# New yak trolley



## yellowprowler (Aug 27, 2014)

Guys, i am thinking i need a trolley so i can throw my stuff in/on the yak at the car and roll it to the water. At this stage I am only fishing Berwora and the Hawkesbury so I don't need it to roll over sand. As my experience grows i will get more adventureous and might need to access the water from a beach. I was reading on an American site to avoid the ones that go through you scuppers as they can make your scuppers split. My research on here tells me the beach wheels are good but they look big and expensive. What do you guys think?


----------



## Marty75 (Oct 23, 2007)

The Beach Wheelz ones are mainly designed to run over (instead of dragged through) sand. I have a C-Tug with hard wheels that I am happy with and could suit you as well I think.

Check out how they work on YouTube.

Marty


----------



## laneends (Jan 25, 2013)

The main problem with cracking scuppers occurs when weight is put on the trolley when not fully inserted right through and the top of the post inserts leverage on the side of scupper tube.

They are more convenient all round so it is balancing that against being careful. At the end of the day many use then without issues.


----------



## Dodge (Oct 12, 2005)

YP most of the blokes I fish with use scupper carts for many years with no issues including a mate with a P13.

Make sure the cart posts go right thru the scupper as pointed out by laneends, and I like the weight of the yak to be on the keel rather than the bottom of the scuppers.

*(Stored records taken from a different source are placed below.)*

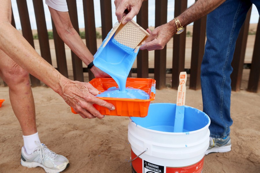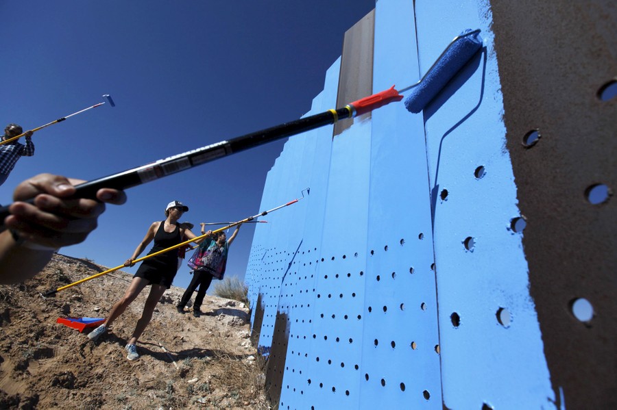 Read moreVolunteers paint the border fence between the United States and Mexico to give the illusion of transparency during the Borrando la Frontera, or Erasing the Border, art project in Mexicali, Mexico, on April 9, 2016. #
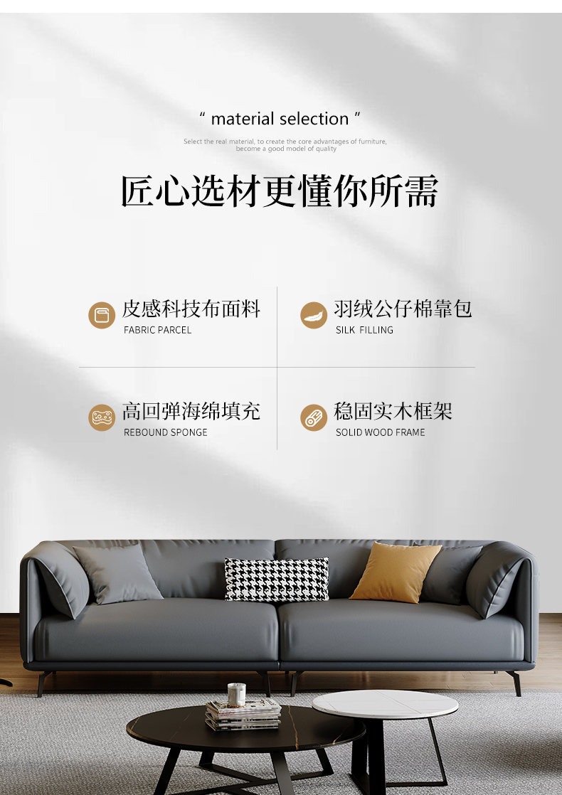 非凡工艺 现代简约 科技布+高密度海绵+羽绒+松木+桉木+弹簧+橡筋+网布+实木脚 2.9米 四人位 布艺沙发非凡工艺 现代简约 接触面头层牛皮+优质回弹海绵+框架落叶松木+绒丝棉+多层实木夹板+5cm黑砂五金脚 左单+右三 2.8米 4人位 沙发
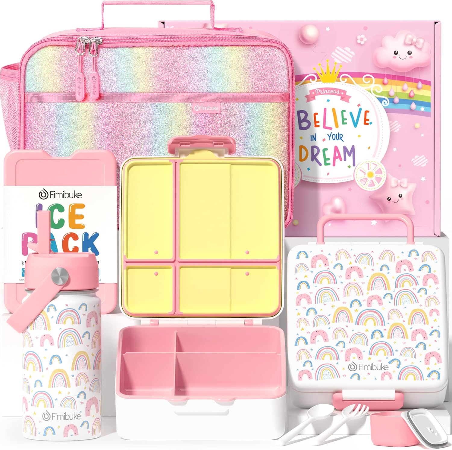 Fimibuke Kids Bento Lunch Box with 4 Compartments, Insulated lunch Bag, Stainless Steel Insulated Water Bottle, Ice Pack & Utensils Set, Birthday Gifts for Ages 3-12 Back to School Toddler Girls Boys
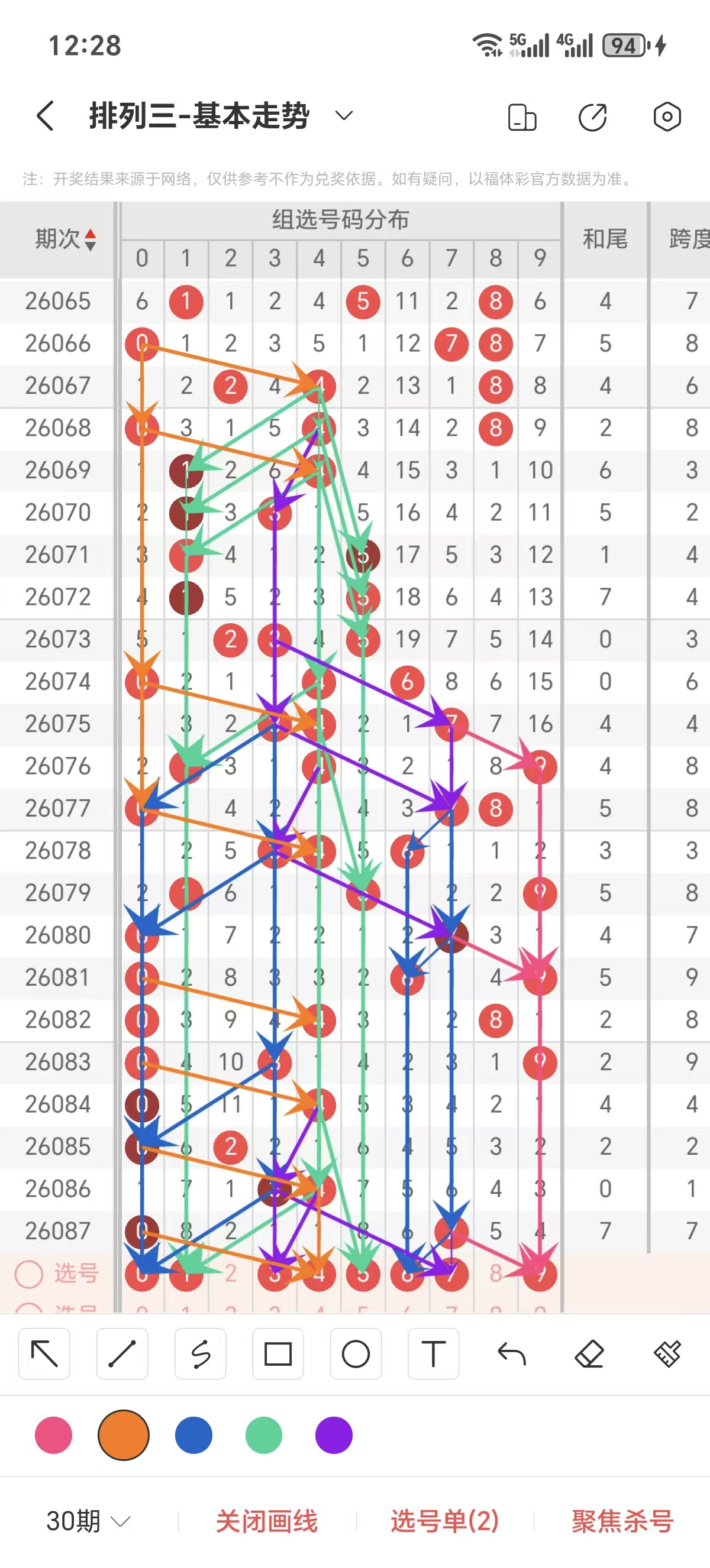 通常情况下在五期之内重复一个跨度的概率较高,近五期没有重复的跨度,近五期跨度为9/4/2/1/7,近期1路的跨度较热,本期要侧重3/4/8跨为主的号码组合。选择好跨度就可以从跨度方面选择相应的双胆码组合,双胆码的选取要根据近期和历史的走势进一步的分析选取。

Do a search here for scupper carts and there are many DIY threads to read


----------



## yellowprowler (Aug 27, 2014)

Thanks heaps guys for the reply. You have given me heaps of ideas. Given I am strapped for cash i might try the DIY ideas so a big thanks to you Dodge.


----------



## Dodge (Oct 12, 2005)

yellowprowler said:


> i might try the DIY ideas so a big thanks to you Dodge.


viewtopic.php?f=95&t=4905

Find light wheels like the final version of mine the other wheels are too heavy


----------



## billygoat (Aug 27, 2014)

thanks dodge i might make one of those myself and adapt it for the canoe. the canoe is a heavy old bastard


----------



## Wombat280 (Nov 16, 2011)

yellowprowler said:


> Thanks heaps guys for the reply. You have given me heaps of ideas. Given I am strapped for cash i might try the DIY ideas so a big thanks to you Dodge.

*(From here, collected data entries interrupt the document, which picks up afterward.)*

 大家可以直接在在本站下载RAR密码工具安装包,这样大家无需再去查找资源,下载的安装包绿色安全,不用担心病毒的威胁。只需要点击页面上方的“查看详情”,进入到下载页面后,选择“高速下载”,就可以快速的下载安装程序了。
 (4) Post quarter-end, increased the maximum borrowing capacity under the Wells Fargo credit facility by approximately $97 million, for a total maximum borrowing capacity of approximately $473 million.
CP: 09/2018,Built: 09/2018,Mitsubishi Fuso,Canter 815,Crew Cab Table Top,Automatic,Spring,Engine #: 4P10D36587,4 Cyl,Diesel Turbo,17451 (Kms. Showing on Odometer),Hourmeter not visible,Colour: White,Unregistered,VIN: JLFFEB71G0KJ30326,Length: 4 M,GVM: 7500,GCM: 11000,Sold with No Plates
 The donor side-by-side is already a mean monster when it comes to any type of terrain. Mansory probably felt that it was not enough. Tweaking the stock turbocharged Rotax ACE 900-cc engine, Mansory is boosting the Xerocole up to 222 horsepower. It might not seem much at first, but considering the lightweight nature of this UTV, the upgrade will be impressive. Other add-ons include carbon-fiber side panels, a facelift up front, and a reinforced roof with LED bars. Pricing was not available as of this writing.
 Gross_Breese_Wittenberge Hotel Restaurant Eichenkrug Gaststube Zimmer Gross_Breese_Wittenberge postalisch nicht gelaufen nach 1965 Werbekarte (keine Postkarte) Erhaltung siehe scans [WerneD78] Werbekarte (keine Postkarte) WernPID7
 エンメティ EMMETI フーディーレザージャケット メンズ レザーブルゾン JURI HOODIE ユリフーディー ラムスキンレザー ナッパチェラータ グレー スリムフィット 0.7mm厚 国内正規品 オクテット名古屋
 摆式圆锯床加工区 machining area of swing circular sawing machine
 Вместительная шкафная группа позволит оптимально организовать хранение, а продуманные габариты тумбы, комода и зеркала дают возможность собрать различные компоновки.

I made one out of some off cuts of 32 mm electrical conduit and a pair of golf buggy plastic wheels. I was told and have seen the wheels off the Green Machines at K Mart $12.00 ea they are much wider, The golf buggy wheels suit my yak of 20 kg plus load and are all plastic and can be broken down with weasy if transport space is limited . There are heaps of posts on the DIY that will get you started


----------



## yellowprowler (Aug 27, 2014)

I am still looking for some suitable wheels, i am really keen to get this started. I will take photos of the entire process when i get all of my shit in one pile.


----------



## barrajack (May 20, 2007)

yellowprowler said:


> I am still looking for some suitable wheels, i am really keen to get this started. I will take photos of the entire process when i get all of my shit in one pile.


Contact Kayak 1 , he knows all about these things

BTW do you think its safer having like a hi vis kayak , boat traffic etc ?


----------